Copy out the data exactly as it appears, without a single image.
+--
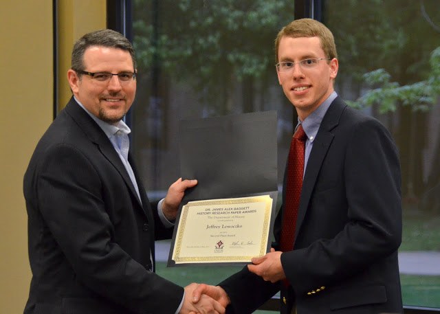 The James Alex Baggett History Research Awards -- For the best original research papers presented as part of the requirements for any history course. This year's winners are:
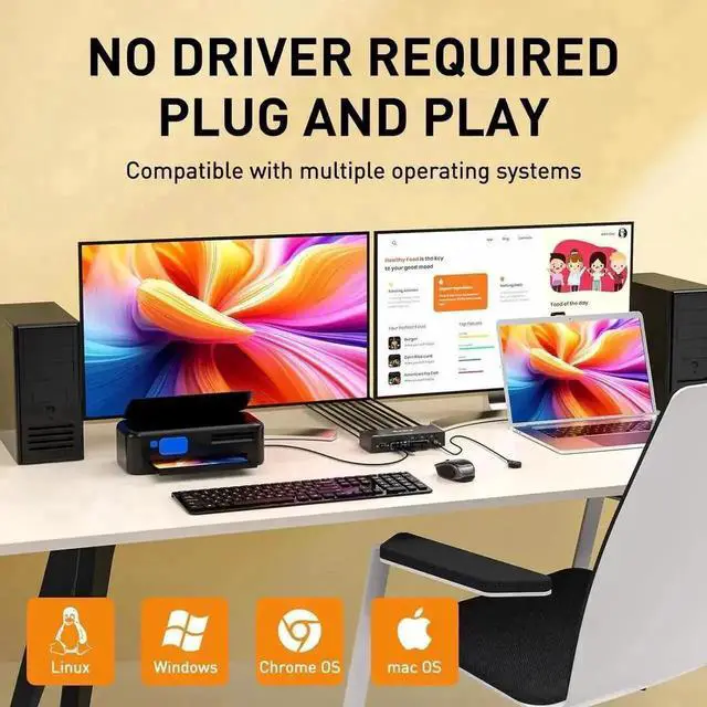 Application This Displayport KVM switch dual monitor help you to control 3 computers or laptops by only one set of wired or wireless keyboard mouse, share 2 monitors and 4 USB 3.0 devices
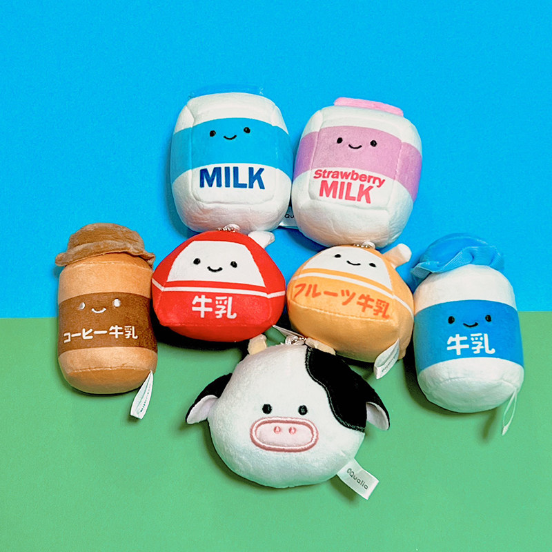 日本正版QUALIA 第1弹 牛奶毛绒系列扭蛋 牛奶盒瓶微笑豆豆眼挂件
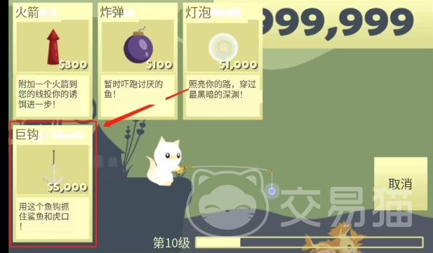 除了鱼竿和鱼饵外,我们还要买两个道具,分别是火箭和巨大钩子,火箭能帮助我们把鱼竿抛的更远,巨大钩子能帮助我们钓鲨鱼,物品准备齐全后我们就可以开始钓鱼了。
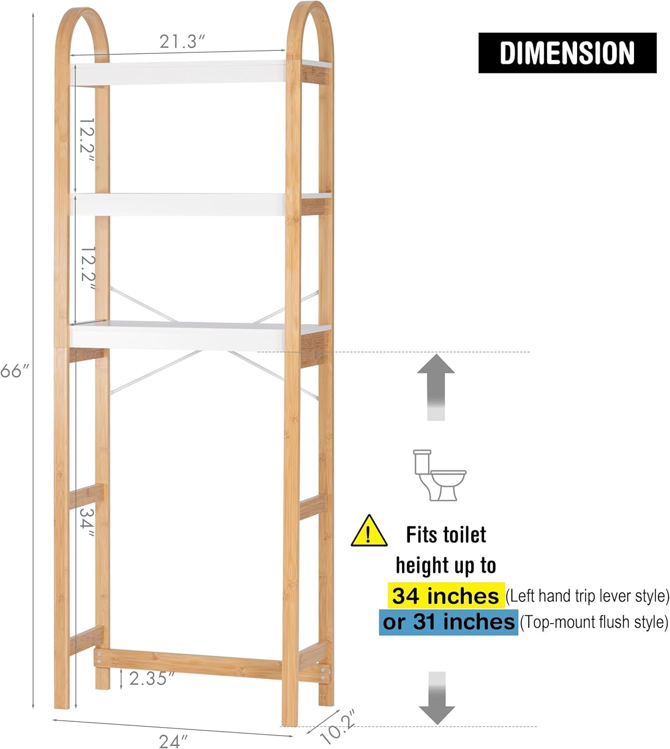• Multi-functional toilet overhead bathroom storage shelf: The three-tiered open shelf provides ample storage space for your bathroom essentials, making it easy to access toiletries. This toilet shelf features a flexible design and versatile use, suitable not only for the bathroom but also for laundry rooms, balconies, and living rooms, meeting diverse storage needs. The minimalist and stylish toilet shelf features smooth white MDF shelves, bamboo-colored side frames, and an elegant curved top cover, giving it a clean and simple look that complements most modern bathroom styles. The sturdy and secure toilet shelf is designed for everyday use, featuring a reinforced X-frame, anti-tipping device, and non-slip rubber feet for superior stability and safety. Say goodbye to wobbling and enjoy a durable and supportive structure. Easy Assembly: With its simple structure, clear instructions, and labeled parts, this toilet-top shelf is quick and easy to assemble. Its compact size (24 inches wide x 10.2 inches deep x 66 inches high) allows for perfect installation above the toilet—elevating the style of your space in minutes!
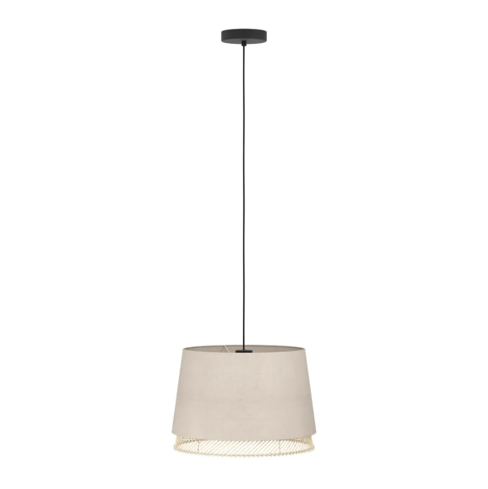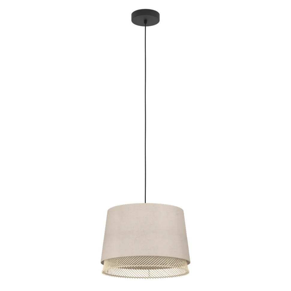 Eglo TABLEY hanglamp staal zwart / textiel, hout natuurlijk, bruin H: 1100 mm | Ø 380 mm
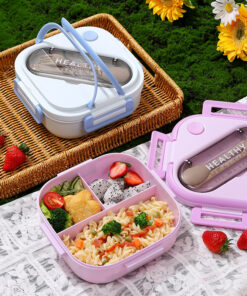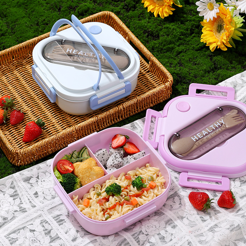 Vianda Cuadrada de 3 Divisiones + Cubierto Healthy- 1300ml
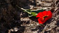 Verloren in het bandenspoor van een landbouwtrekker lag deze tulp. Het licht aan het einde van de dag gaf een prachtig strijklicht over het tulpenveld. Het leek of deze uit de gratie gevallen tulp nog een laatste keer probeerde te stralen. Verloren in dat gangpad kwam zijn intense rode kleur nog een keer tot leven.
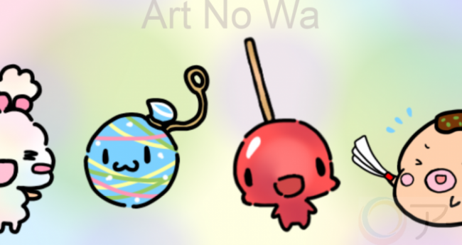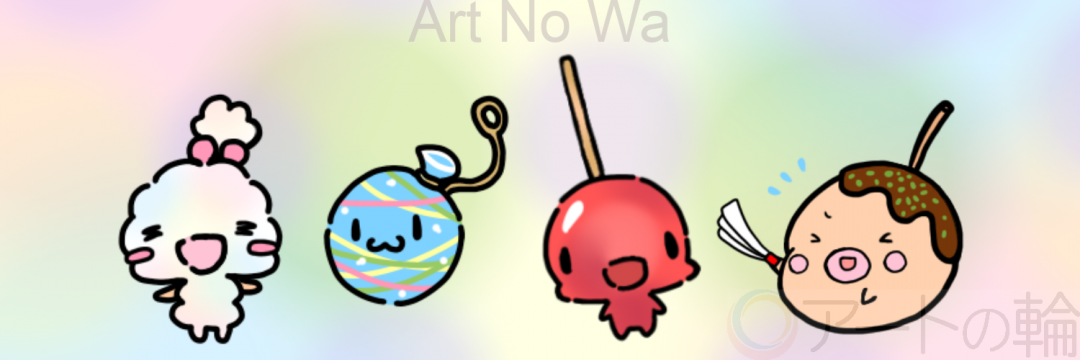 左から わたあめの「わためちゃん」ヨーヨーの「ボヨヨ君」りんご飴の「りんちゃん」たこ焼きの「タコ丸君」
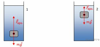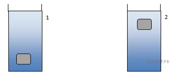 В момент времени 1 тело массы m было погружено на глубину h в стакан с жидкостью. Затем до момента времени 2 тело всплывало и остановилось на определенной глубине. Нарисуйте все силы, действовавшие на тело в момент времени 1 и в момент времени 2.
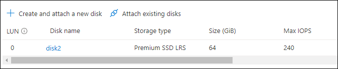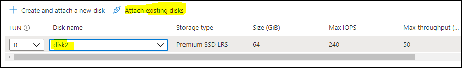 - Login in AZURE portal and go to your VM machine Disk section. We have mapped our VM with 64 GB Disk as “disk2”.
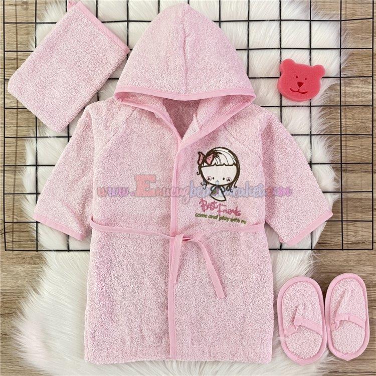 Babydo 1-2 Yaş Bebek Bornoz Set Fiyonklu Kız Pembe
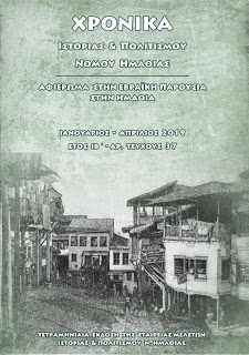 Το 37ο τεύχος των "Χρονικών Ιστορίας και Πολιτισμού Ν. Ημαθίας" αφιερωμένο στην "Εβραϊκή Παρουσία στην Ημαθία" παρουσιάζεται το Σάββατο 21 Σεπτεμβρίου, ώρα 19:00, στην Αντωνιάδεια Στέγη Γραμμάτων και Τεχνών Βέροιας.
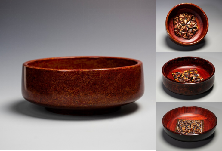 作品说明:等待是时间的艺术,每一件漆器都是时间的艺术品。整个作品用到各种不同颜色的木材料,有黑色的紫光檀,红色的红花梨,紫色的紫芯木,绿色的绿檀,黄色的黄杨木,还有南美酸枝,黄金樟,黑胡桃等。多彩的色泽是最淳朴的美,为了更好展示木的本色,对钵体内部的木材料采用了传统烫蜡工艺,钵体外表面则是大漆工艺。作品从设计,定稿,木胎制作,调漆,批灰,裱布,做肌理,髹色漆,打磨,抛光,历时六个月,胎体上一层又一层的大漆涂层犹如一层层时间的冲刷。等待,才会开出时间的花,结出艺术的果实。
+--
**REPLY TO THE TASK:**
 The James Alex Baggett History Research Awards -- For the best original research papers presented as part of the requirements for any history course. This year's winners are:
 Application This Displayport KVM switch dual monitor help you to control 3 computers or laptops by only one set of wired or wireless keyboard mouse, share 2 monitors and 4 USB 3.0 devices
 日本正版QUALIA 第1弹 牛奶毛绒系列扭蛋 牛奶盒瓶微笑豆豆眼挂件
 除了鱼竿和鱼饵外,我们还要买两个道具,分别是火箭和巨大钩子,火箭能帮助我们把鱼竿抛的更远,巨大钩子能帮助我们钓鲨鱼,物品准备齐全后我们就可以开始钓鱼了。
• Multi-functional toilet overhead bathroom storage shelf: The three-tiered open shelf provides ample storage space for your bathroom essentials, making it easy to access toiletries. This toilet shelf features a flexible design and versatile use, suitable not only for the bathroom but also for laundry rooms, balconies, and living rooms, meeting diverse storage needs. The minimalist and stylish toilet shelf features smooth white MDF shelves, bamboo-colored side frames, and an elegant curved top cover, giving it a clean and simple look that complements most modern bathroom styles. The sturdy and secure toilet shelf is designed for everyday use, featuring a reinforced X-frame, anti-tipping device, and non-slip rubber feet for superior stability and safety. Say goodbye to wobbling and enjoy a durable and supportive structure. Easy Assembly: With its simple structure, clear instructions, and labeled parts, this toilet-top shelf is quick and easy to assemble. Its compact size (24 inches wide x 10.2 inches deep x 66 inches high) allows for perfect installation above the toilet—elevating the style of your space in minutes!
 Eglo TABLEY hanglamp staal zwart / textiel, hout natuurlijk, bruin H: 1100 mm | Ø 380 mm
 Vianda Cuadrada de 3 Divisiones + Cubierto Healthy- 1300ml
 Verloren in het bandenspoor van een landbouwtrekker lag deze tulp. Het licht aan het einde van de dag gaf een prachtig strijklicht over het tulpenveld. Het leek of deze uit de gratie gevallen tulp nog een laatste keer probeerde te stralen. Verloren in dat gangpad kwam zijn intense rode kleur nog een keer tot leven.
 左から わたあめの「わためちゃん」ヨーヨーの「ボヨヨ君」りんご飴の「りんちゃん」たこ焼きの「タコ丸君」
 В момент времени 1 тело массы m было погружено на глубину h в стакан с жидкостью. Затем до момента времени 2 тело всплывало и остановилось на определенной глубине. Нарисуйте все силы, действовавшие на тело в момент времени 1 и в момент времени 2.
 - Login in AZURE portal and go to your VM machine Disk section. We have mapped our VM with 64 GB Disk as “disk2”.
 Babydo 1-2 Yaş Bebek Bornoz Set Fiyonklu Kız Pembe
 Το 37ο τεύχος των "Χρονικών Ιστορίας και Πολιτισμού Ν. Ημαθίας" αφιερωμένο στην "Εβραϊκή Παρουσία στην Ημαθία" παρουσιάζεται το Σάββατο 21 Σεπτεμβρίου, ώρα 19:00, στην Αντωνιάδεια Στέγη Γραμμάτων και Τεχνών Βέροιας.
 作品说明:等待是时间的艺术,每一件漆器都是时间的艺术品。整个作品用到各种不同颜色的木材料,有黑色的紫光檀,红色的红花梨,紫色的紫芯木,绿色的绿檀,黄色的黄杨木,还有南美酸枝,黄金樟,黑胡桃等。多彩的色泽是最淳朴的美,为了更好展示木的本色,对钵体内部的木材料采用了传统烫蜡工艺,钵体外表面则是大漆工艺。作品从设计,定稿,木胎制作,调漆,批灰,裱布,做肌理,髹色漆,打磨,抛光,历时六个月,胎体上一层又一层的大漆涂层犹如一层层时间的冲刷。等待,才会开出时间的花,结出艺术的果实。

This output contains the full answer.